### Exercise instructions
Directions for the data below: repeat exactly the lines from the one with "Тиана Томаси –" through the one with "440 s. jaq. |", both included, and omit all pictures.

### Source material

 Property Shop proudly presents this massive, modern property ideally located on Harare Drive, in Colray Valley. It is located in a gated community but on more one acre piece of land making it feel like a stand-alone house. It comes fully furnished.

---

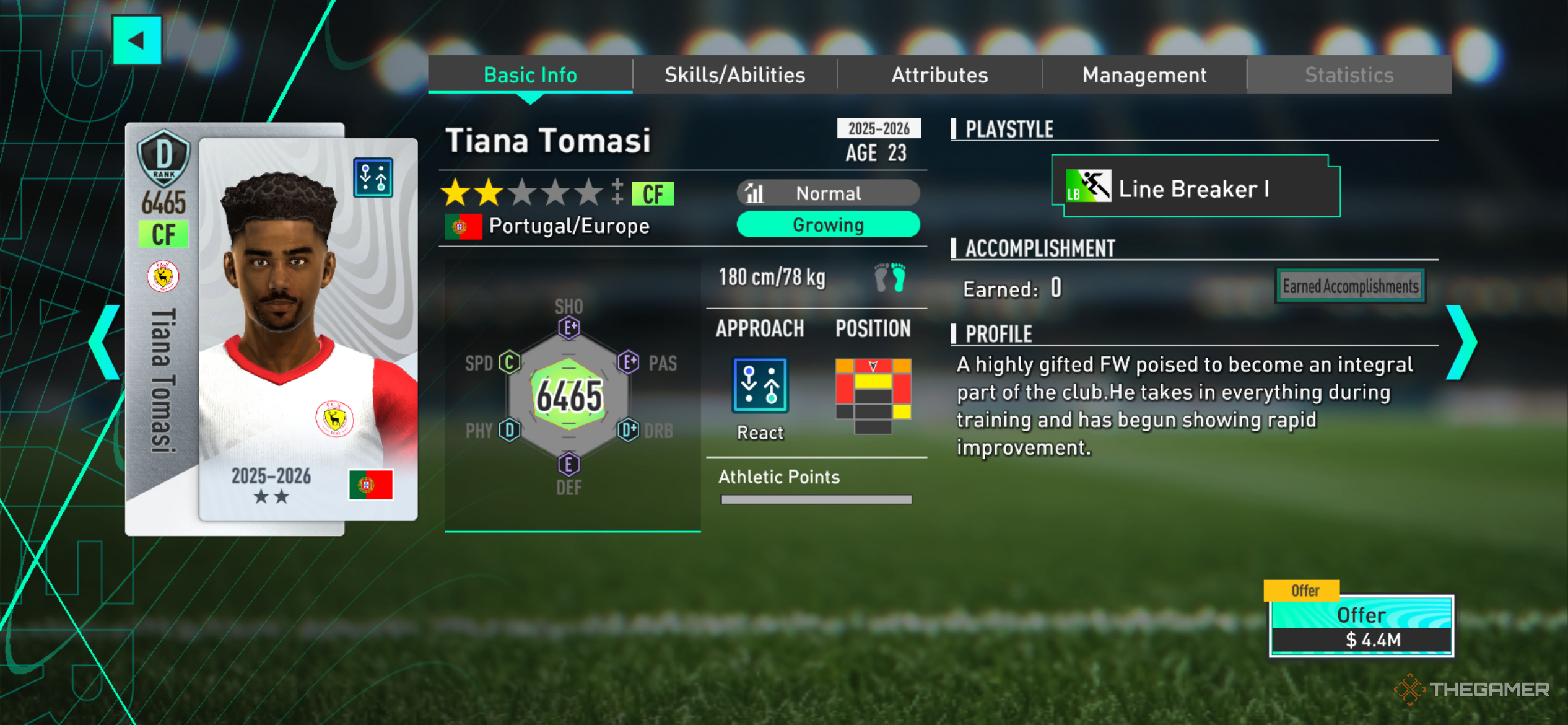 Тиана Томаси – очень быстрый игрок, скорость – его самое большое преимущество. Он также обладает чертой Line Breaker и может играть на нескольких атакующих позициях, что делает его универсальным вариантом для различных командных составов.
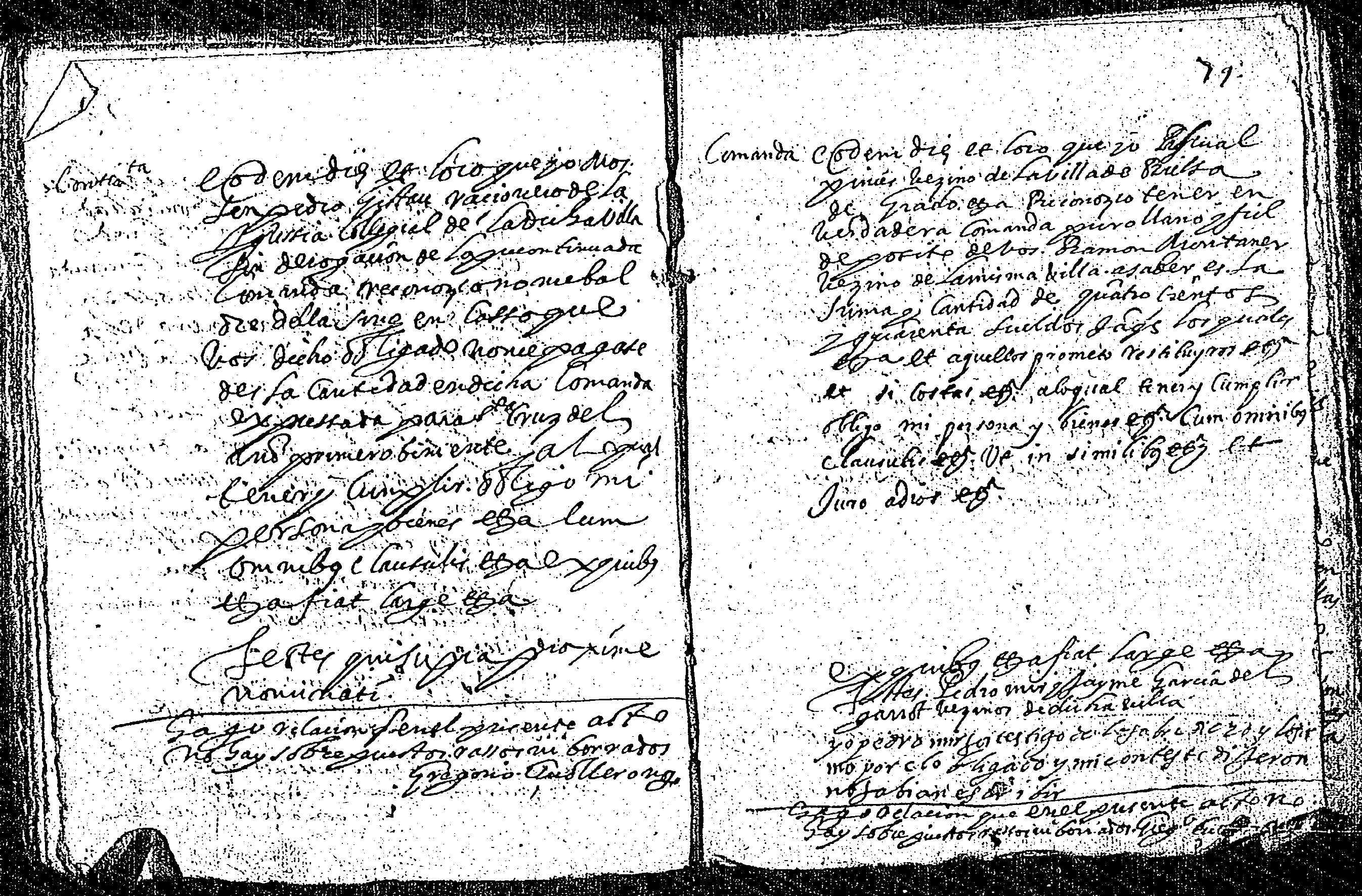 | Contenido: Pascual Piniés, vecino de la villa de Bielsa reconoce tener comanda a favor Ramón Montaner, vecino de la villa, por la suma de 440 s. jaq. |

--

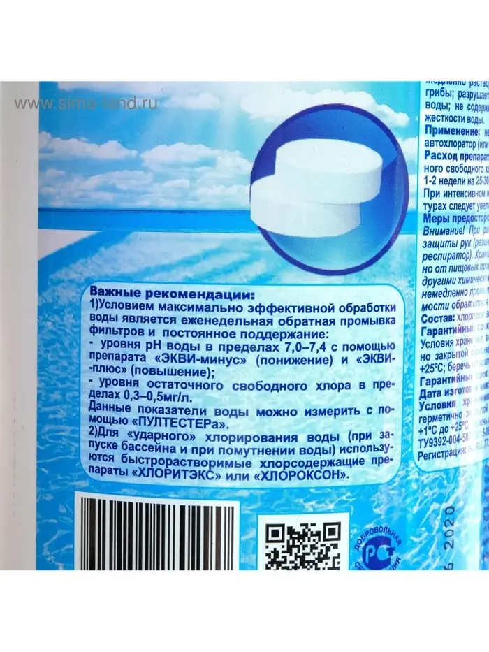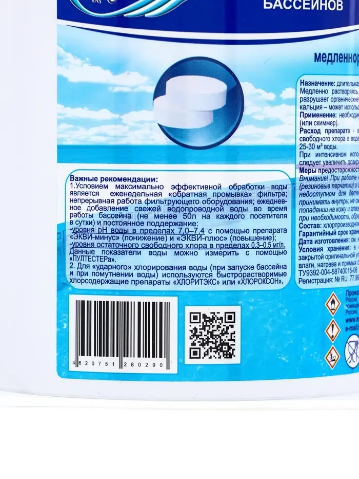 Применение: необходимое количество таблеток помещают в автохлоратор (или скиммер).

### Expected output
 Тиана Томаси – очень быстрый игрок, скорость – его самое большое преимущество. Он также обладает чертой Line Breaker и может играть на нескольких атакующих позициях, что делает его универсальным вариантом для различных командных составов.
 | Contenido: Pascual Piniés, vecino de la villa de Bielsa reconoce tener comanda a favor Ramón Montaner, vecino de la villa, por la suma de 440 s. jaq. |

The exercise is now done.